Telangana Govt nod for payment of Pay Revision Commission arrears: It is good news for government employees. Chief Minister K Chandrasekhar Rao on Monday gave his nod for the payment of long-pending arrears under the PRC (Pay revision Commission) which came into force on June 2, 2014 to the employees in two installments.
The Chief Minister has signed the file pending for the last two years. Officials said the pending arrears for nine months between June 2, 2014 and February 2015 would be paid in two installments.
The first installment amount would be released in the present financial year and the remaining 50 per cent in 2018-19 financial year. The government brought into force the 10th PRC by providing 43 per cent fitment to all government employees in the newly-formed Telangana.
BOND SYSTEM TO PENSIONERS
Since the announcement of 43% fitment, all the employees are very happy and celebrated that occasion grandly. But as the days passing many problems are raising as we discussed before, that the employees will be issued the bonds instead of crediting them in G.P.F accounts.But the pensioners can get the net amount every time. But now TS govt decided pensioners to give bonds only instead of money. But the period limits to 5 years where as others have the duration of 10 years. They can avail it from 2016, and completes the process by 2020. If the bonds were issued to pensioners some problems may araise after detail and deep study only the G.o’s will be released on this concerned issue. If the pensioner dies, the nominee should also wait for 5 years or can avail the amount before such questions are raising. So, first our G.O’s will release and then the pensioners. As many leaders and employees are unsatisfactory on this bond system but the government view is that before there is neither given such better 43% fitment nor there is a vast period like 9 months. So, govt have stepped for bond system due to lack of funds also. BOND SYSTEM TO GPF and CPS Holders
After every P.R.C some period will considered as notional and the rest of period amount will be credited to our GPF accounts. But this time in our new govt, new system is going to inaugurate i.e., Bond system. In this P.R.C every employee’s 9 months period i.e., salary should credit to G.P.F but he/she gets in the form of bond. After 5 years he/she can claim 20% of that amount, and next 20% in next year, this process continuous for 5 consecutive years and completes at 10 years period i.e., at 2025 employee can claim with its interest of the amount to be claimed. Employee can claim the amount in the above said manner or total amount after 10 years i.e., at 2025 also, then employee can get the amount with its interest. Employee can claim according to their wish/necessity etc. But pensioners gets the net amount. Those who appointed after September 2004 and going to avail their pension on C.P.S will be issued these bonds only.

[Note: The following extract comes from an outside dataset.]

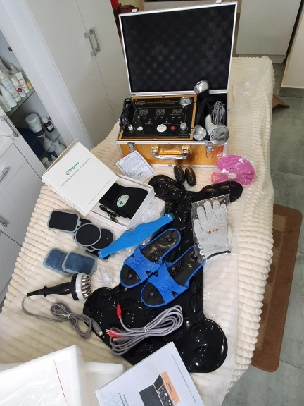 Прекрасный аппарат пришел за неделю с Китая до Новороссийска курьером. Я была на массаже на таком аппарате у своей подруги, потом была на хофоу массажере, разницы не почувствовала. Цена адекватная, продавец во всем помогает, я сначала выбрала другую модель, сейчас рада, что есть эта https://aliexpress.ru/item/1005004557702161.html?pdp_npi=4%40dis%21USD%21US%20%24446.11%21US%20%24370.27%21%21%213235.05%212685.09%21%40213d7a8f17193828381046978ebd95%2112000038218719894%21sh%21US%21251347937%21&spm=a2g0o.store_pc_allItems_or_groupList.new_all_items_2007614796650.1005004557702161&gatewayAdapt=glo2rus4itemAdapt&sku_id=12000038218719896 , он чёрныйчёрный, насадки те же, только подогрев контролируется. Мне нравится подогрев разных насадок, особенно здорово маскировать бедра Ввакумом. Пробовала массаж перчатками, сама себе, шикарно. Пробовала делать массаж другим, там можно делать массаж и без перчаток, надо разобраться с подключением. Массаж на лицо, глаза, стопы, спину, все легко переключается. Можно регулировать силу тока, есть 3 вариации тока, подогрев, минуты. Массаж делала уже 5 раз. Мне нравится, я рекомендую, хватит на долгие года. Тут и массажист и косметолог и против целлюлита и для зрения и органов, круто на мой взгляд

Merits and Demerits by this system:
This process may act as FD for 10 years and can plan for that amount at that particular period.
It may relax an employee for some needs and can take 20% amount every year for the period of 5 years.
It may vary in GPF amount, because employees can get huge amount after retirement, but by this system it may change.
If this continuous for every PRC employees can loose the huge amount, because they never save the money till retirement which he claims by bond system.
But additional G.O’s are not yet released they may be released in this month.
4 G.O’s were released on March 18, 2015
The related 4 G.O’s were released after the keen study and observation by the officials.
1. The 1st G.O is the main G.O which includes 43% fitment, Master scale method, Bond system, eligible employees for PRC etc. GO.25
2. The 2nd G.O consists of calculation of HRA.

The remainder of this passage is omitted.